Я бродил по улицам один. Несколько раз ходил в кино, а иногда заходил к отцу в гаражи. С одноклассниками мне было не интересно – они же дети. Какие у нас могли быть общие интересы?! Хотя, можно было играть в футбол на школьном дворе. Вот, собственно, и все, что можно было. Но футбол в этом сентябре был не в тренде, а играть в прятки, казаки-разбойники или просто зависать на турниках, мне было не интересно.

Стыдно признаться, но о своих жене и детях я вспомнил не сразу. До меня не сразу дошло осознание того, что они остались где-то там в моем прошлом, а в своем новом будущем я возможно их не встречу. Каждый раз, от этих мыслей на меня накатывала тошнотворная тоска, безысходность душила меня, и будучи семилетним мальчиком, я порой не сдерживал слез. В такие моменты я старался уединиться и скрыться по дальше от посторонних глаз. Видимо по этой причине, в первые дни своего перерождения, я старался находиться в безлюдных местах парков и улиц. Свободного времени у меня было много. В школе было всего по нескольку уроков, а заданий на дом почти не задавали.

В приступах безысходности и тоски появлялись мысли о том, чтобы сбежать из дома и отправиться в Брянск на поиски зловещей бабки-санитарки. Ведь это, находясь в Брянской больнице, я ее встретил, а потом попал в прошлое на западную Украину. А как я оказался в Брянске?! Да очень просто! Бабушка, оставив квартиру моим родителям, вернулась на родину в Брянск. А после того, как развалился Союз, я покинул западную Украину и уехал к бабушке. Так, после распада Союза я и остался в Брянске.

Я был убежден, что именно бабка-санитарка была виновницей моего несуразного положения. Это из-за нее я лишился семьи и всего того, что у меня было: работы, друзей, квартиры, моей собаки, наконец.

Если бы я действительно был семилетним пацаном, то несомненно сбежал бы из дома в поисках ответов на свои вопросы. Но, мне только с виду было семь лет, и поэтому я в полной мере осознавал всю полноту, глубину и абсурдность своего идиотского положения. Я понимал, что максимум куда я смогу доехать, так это до соседнего областного центра. Потому, что потом обнаружат моё отсутствие, забьют тревогу, после чего я очень быстро попаду в поле зрения милиционеров. В общем? убежать так далеко не получиться, как бы я не старался. Мне оставалось только гулять по улицам своего городка, надеется и ждать. Только на кого или на что надеется и чего ждать, я не знал. Поэтому я бесцельно бродил с отрешенным видом, время от времени прислушиваясь к такой знакомой, родной, но уже далеко отдалившейся от меня украинской речи. Это была та Украина, которая в своем большинстве еще не догадывалась о том, что она порабощена москаляками. Все считали себя неотъемлемой частью Советского общества, пользующегося благами социализма и строящего коммунизм. Во всяком случае, никто и виду не показывал, как ему плохо живётся.

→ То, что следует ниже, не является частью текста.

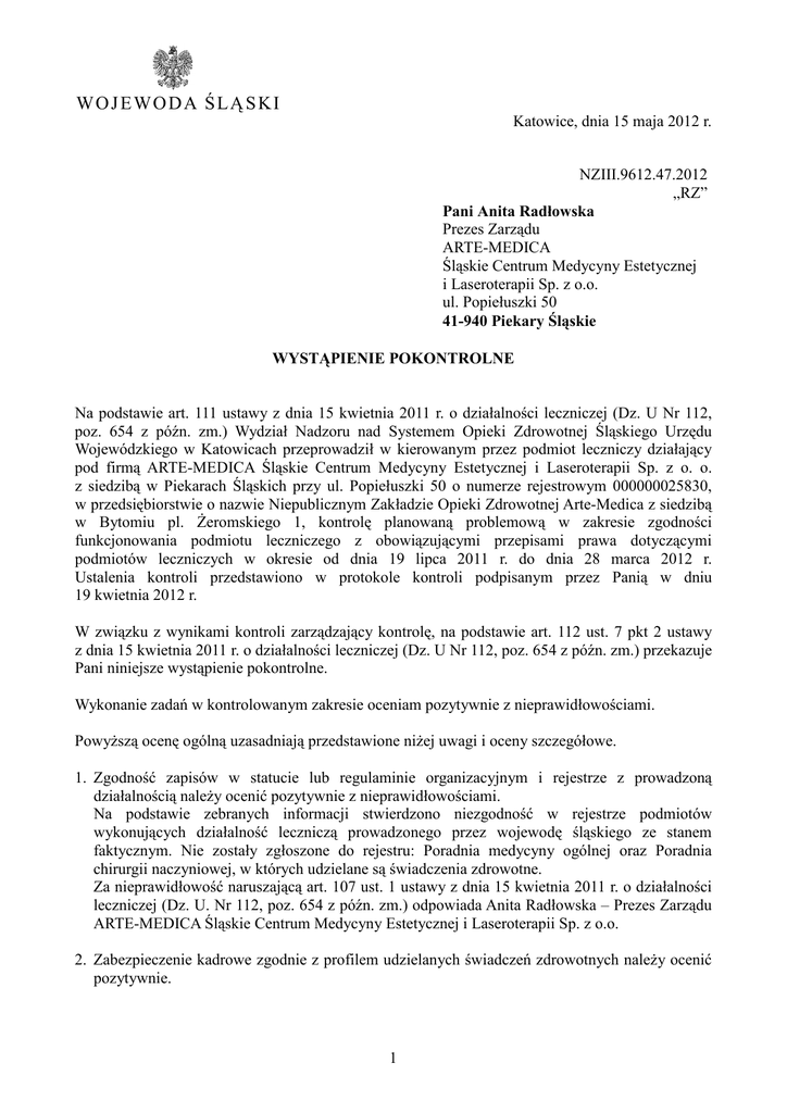 WO J E WO D A Ś LĄ S KI Katowice, dnia 15 maja 2012 r. NZIII.9612.47.2012 „RZ” Pani Anita Radłowska Prezes Zarządu ARTE-MEDICA Śląskie Centrum Medycyny Estetycznej i Laseroterapii Sp. z o.o. ul. Popiełuszki 50 41-940 Piekary Śląskie WYSTĄPIENIE POKONTROLNE Na podstawie art. 111 ustawy z dnia 15 kwietnia 2011 r. o działalności leczniczej (Dz. U Nr 112, poz. 654 z późn. zm.) Wydział Nadzoru nad Systemem Opieki Zdrowotnej Śląskiego Urzędu Wojewódzkiego w Katowicach przeprowadził w kierowanym przez podmiot leczniczy działający pod firmą ARTE-MEDICA Śląskie Centrum Medycyny Estetycznej i Laseroterapii Sp. z o. o. z siedzibą w Piekarach Śląskich przy ul. Popiełuszki 50 o numerze rejestrowym 000000025830, w przedsiębiorstwie o nazwie Niepublicznym Zakładzie Opieki Zdrowotnej Arte-Medica z siedzibą w Bytomiu pl. śeromskiego 1, kontrolę planowaną problemową w zakresie zgodności funkcjonowania podmiotu leczniczego z obowiązującymi przepisami prawa dotyczącymi podmiotów leczniczych w okresie od dnia 19 lipca 2011 r. do dnia 28 marca 2012 r. Ustalenia kontroli przedstawiono w protokole kontroli podpisanym przez Panią w dniu 19 kwietnia 2012 r. W związku z wynikami kontroli zarządzający kontrolę, na podstawie art. 112 ust. 7 pkt 2 ustawy z dnia 15 kwietnia 2011 r. o działalności leczniczej (Dz. U Nr 112, poz. 654 z późn. zm.) przekazuje Pani niniejsze wystąpienie pokontrolne. Wykonanie zadań w kontrolowanym zakresie oceniam pozytywnie z nieprawidłowościami. PowyŜszą ocenę ogólną uzasadniają przedstawione niŜej uwagi i oceny szczegółowe. 1. Zgodność zapisów w statucie lub regulaminie organizacyjnym i rejestrze z prowadzoną działalnością naleŜy ocenić pozytywnie z nieprawidłowościami. Na podstawie zebranych informacji stwierdzono niezgodność w rejestrze podmiotów wykonujących działalność leczniczą prowadzonego przez wojewodę śląskiego ze stanem faktycznym. Nie zostały zgłoszone do rejestru: Poradnia medycyny ogólnej oraz Poradnia chirurgii naczyniowej, w których udzielane są świadczenia zdrowotne. Za nieprawidłowość naruszającą art. 107 ust. 1 ustawy z dnia 15 kwietnia 2011 r. o działalności leczniczej (Dz. U. Nr 112, poz. 654 z późn. zm.) odpowiada Anita Radłowska – Prezes Zarządu ARTE-MEDICA Śląskie Centrum Medycyny Estetycznej i Laseroterapii Sp. z o.o. 2. Zabezpieczenie kadrowe zgodnie z profilem udzielanych świadczeń zdrowotnych naleŜy ocenić pozytywnie. 1 3. Spełnianie przez wyroby medyczne wykorzystywane w procesie udzielania świadczeń zdrowotnych wymagań określonych w odrębnych przepisach. Zgodnie z przyjętym protokołem ustnych wyjaśnień (akta kontroli znak: NZIII.9612.47.2012 z dnia 28 marca 2012 r. str. 90) podmiot nie posiada sprzętu medycznego. 4. Spełnianie warunku zawarcia umowy odpowiedzialności cywilnej naleŜy ocenić negatywnie. Przedstawiona w trakcie czynności kontrolnych polisa uniwersalna seria UN NR 0132204 nie została uznana przez organ kontrolujący za spełniającą wymagania stawiane w art. 17 ust. 1 pkt 4 ppkt a) w zakresie wskazanym w art. 25 ust. 1 pkt 1) ustawy z dnia 15 kwietnia 2011 r. o działalności leczniczej (Dz. U. Nr 112, poz. 654 z późn. zm.). Za powyŜszą nieprawidłowość odpowiedzialna jest Pani Anita Radłowska – Prezes Zarządu Arte-Medica Śląskie Centrum Medycyny Estetycznej i Laseroterapii Sp. z o. o. 5. Dokumentację organizacyjną podmiotu leczniczego naleŜy ocenić pozytywnie z nieprawidłowościami. W regulaminie organizacyjnym nie wskazano: firmy podmiotu wymaganej na podstawie art. 24 ust. 1 pkt 1) ustawy z dnia 15 kwietnia 2011 r. o działalności leczniczej (Dz. U. Nr 112, poz. 654 z późn. zm.), wysokości opłaty za udostępnianie dokumentacji medycznej wymaganej na podstawie art. 24 ust. 1 pkt 9) ustawy z dnia 15 kwietnia 2011 r. o działalności leczniczej (Dz. U. Nr 112, poz. 654 z późn. zm.), wysokości opłat za udzielane świadczenia zdrowotne inne niŜ finansowane ze środków publicznych wymaganej na podstawie art. 24 ust. 1 pkt 12) ustawy z dnia 15 kwietnia 2011 r. o działalności leczniczej (Dz. U. Nr 112, poz. 654 z późn. zm.). Ponadto w treści regulaminu uŜyto nieobowiązującej nomenklatury „zakład”, która winna być zastąpiona pojęciem „podmiot wykonujący działalność leczniczą”. Przedstawiony w trakcie czynności kontrolnych statut sporządzono na podstawie nieobowiązującej ustawy z dnia 30 sierpnia 1991 r. o zakładach opieki zdrowotnej (tj. Dz.U. z 2007r. Nr 14, poz. 89 z późn. zm.). Nie został zaktualizowany o zapisy zawarte w ustawie z dnia 15 kwietnia 2011 r. o działalności leczniczej (Dz. U. Nr 112, poz. 654 z późn. zm.) oraz zawiera strukturę organizacyjną niezgodną z zapisami w rejestrze podmiotów wykonujących działalność leczniczą prowadzoną przez wojewodę śląskiego i stanem faktycznym. Za powyŜsze nieprawidłowości odpowiedzialna jest Pani Anita Radłowska – Prezes Zarządu Arte-Medica Śląskie Centrum Medycyny Estetycznej i Laseroterapii Sp. z o. o. Umowy na świadczenie usług zdrowotnych zawarte pomiędzy Ewą Zmarzlik – pełnomocnikiem Arte-Medica Śląskie Centrum Medycyny Estetycznej i Laseroterapii Sp. z o. o. a Pawłem Radłowskim oraz Anitą Radłowską zawierają błędy formalne dot. zakresu udzielanych świadczeń zdrowotnych, miejsca udzielania świadczeń zdrowotnych oraz posiadanych kwalifikacji do udzielania świadczeń przez Zleceniobiorcę. Strona internetowa kontrolowanego podmiotu http://felicita.nazwa.pl/avitamed2/index.php zawierała w swojej treści nieaktualne dane, dotyczące m.in. miejsc udzielania świadczeń zdrowotnych oraz zakresu udzielanych świadczeń zdrowotnych. Obecnie strona internetowa kontrolowanego podmiotu została zaktualizowana o dane zgodne ze stanem faktycznym. 6. Pomieszczenia podmiotu, w których są udzielane świadczenia zdrowotne naleŜy ocenić pozytywnie. 2 Mając na uwadze powyŜsz

Наверняка и в том обществе, в обществе маленьких районных городков 80-х годов, имелись диссиденты и религиозные фанатики, обиженные на власть по тем или иным причинам. Но таких граждан, точно так же, как о проституции и наркомании, никто не знал. Спасибо товарищу Ленину, спасибо товарищу Сталину и спасибо товарищу Брежневу, за моё поистине счастливое детство. Лично меня, очень расстраивали очереди на биржу труда безработных негров в далекой Америке. Иногда я с друзьями всерьез обсуждал подобные темы. Социальная несправедливость, царящая в капиталистических странах, о которой повсеместно твердили все источники массовой информации и школьные учителя, наверное, была самым большим негативом моего детства.

В 80-х вам бы никто не поверил, если бы вы заявили, что уже в 90-х годах в нашей стране появятся биржи труда. Точно такие же как в капиталистической Америке, только их нарекут службами занятости населения. Такие названия придумают видимо для того, чтобы не травмировать, утопающее в постперестроечном кризисе, население.

Мне вспомнилось, как незадолго до выпускного из старшей группы детского сада моя воспитательница делилась своим мнением по поводу смерти Генерального секретаря ЦК КПСС Брежнева Леонида Ильича. Они стояли у входа в группу. Весь этот разговор происходил, когда дети были заняты поглощением обеда после прогулки. Я сидел за первым столом и хорошо слышал их разговор. Не знаю, почему именно мне запомнилось обсуждение смерти Брежнева, но этот разговор нянечки и воспитателя особенно отчетливо мне запомнился. Я не помнил, как звали нянечку, я не помнил фамилию моей воспитательницы.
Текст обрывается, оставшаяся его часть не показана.